(Part 2) Automated Vision with Convolutional Neural Networks
Or: The right filter makes the picture
During the past five years, state-of-the-art computer vision systems have started to approach human performance. This is particularly due to a central methodology called the DCNN (Deep Convolutional Neural Network).
The fundamental idea behind deep neural networks is that features are no longer created manually and then combined with a statistical learning method. Instead, the entire system is trained “end-to-end” and during this process independently learns a hierarchy of features that build on one another depending on the respective application. It’s an approach similar to the human visual cortex where increasingly complex sample recognisers are switched on one after the other along the way.
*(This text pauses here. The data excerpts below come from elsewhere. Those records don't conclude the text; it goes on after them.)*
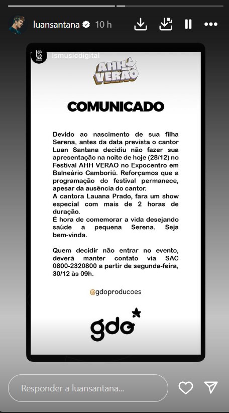 Luan também usou a ocasião para informar que precisou cancelar um concerto no Brasil para poder estar com Jade e a filha neste momento único.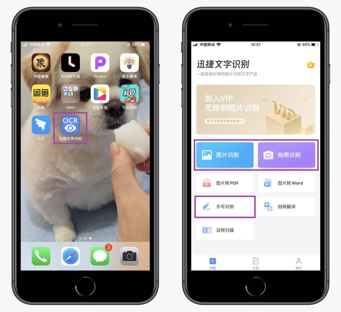 【拍照识别】:可以临时拍下纸质文稿,快速进入识别功能;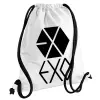 EXO Band korea, Τσάντα πλάτης πουγκί GYMBAG λευκή, με τσέπη (40x48cm) & χονδρά κορδόνια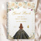 Este elegante e glamouroso e doce livro de hóspedes apresenta uma bela princesa com cabelo vermelho castanho e pele clara em um vestido preto. O texto combina o script manuscrito e as fontes sans serif modernas para um aspecto elegante e sofisticado. Os arranjos florais, borboletas e confete de ouro criam a mistura perfeita de rústicos e quicos. Gráficos por www.etsy.com/uk/shop/SunflowerDayLove

But how is it possible to learn this hierarchy of features? DCNNs comprise several layers in which so-called filters determine the similarity of the input (the following section describes what these structures look like when the network learns them). The individual filters only record a very small section of the image, but they are applied to the entire image to be able to recognise an image characteristic everywhere. You can think of the results of these operations as another series of images, one per filter per run. Large numeric values in this image mean a very high similarity with the sample. These interim results are then further processed by the following layers of the network using the same sample.
Learned and not defined
Those filters are not defined by the developer, but are learned by the network in a training process. In mathematical terms, a multi-layer network is only a series of simple functions. Each filter layer converts the output from the previous layer into a series of numbers. The last layer in the network must generate a number which corresponds to our item category “face.” We can even quantify the error in the network output for a series of images for which we already know whether they show a face. “Learning” means we just have to keep turning the filter layers so that the network error becomes smaller. It also means that we have to derive the network function, or error, using the filter parameters. As anyone who has taken Analysis 101 knows, the chain rule is the way to go to derive a nested function, but in practice, we don’t need to use pen and paper because there is the backpropagation algorithm which cleverly determines how the filters should be changed to generate a better network output. First, the network output is calculated for a small sub-quantity of the image data (a batch) and the error, or the difference to the desired output, is quantified. The derivation is then used to change the filters so that they will produce a smaller error for this subset of data. This process is repeated using a new batch until the network output hardly changes.
This optimisation process is stochastic — depending on the order in which the training data is taken, the filters change in one direction or the other. That approach has a crucial advantage to deal with the fact that networks have a hard time memorising data. This so-called overfitting is often a major problem when developing pattern recognition systems. The data used to train the system is generally only a small subset of the data that will be used in the overall system. Therefore it’s better if the system can generalise using unknown data. The traditional approach to combat overfitting is to reduce the model’s capacity so that it’s no longer able to memorise the training data. However, this also creates the problem that the system is often no longer able to model the problem sufficiently, leading to sub-par results. DCNNs suffer from this problem, too. Latest research results, though, have shown that networks can still generalise if they’ve been able to memorise the training data, thanks to stochastic optimisation and their hierarchical structure (source: here).
Revolution — with a caveat
DCNNs have revolutionised the field of computer vision. Classification problems that up to a few years ago were considered impossible to crack can now be solved by enthusiasts on their home computers. Such networks are used in self-driving cars and also in the diagnosis and treatment of cancer. In addition, they are a key component in deep reinforcement learning and with machine learning systems have been able to beat, for the first time, the world’s best players of the Chinese board game GO; they’re also able to learn to play computer games such as space invaders using just the screen output. DCNNs are not only used to process image data but are also essential components in state-of-the-art translation or speech synthesis systems.
Despite all the successes, though, training a DCNN still requires huge amounts of data. Networks are excellent tools to map the world’s structure, but DCNNs alone can’t make robots intelligent. They can reduce the variability of information to a relevant subset, and thus make robust decisions. However, a DCNN’s output depends on its training, and this process has to be ongoing. No human would fall for a bluffing poker player’s wink a second time.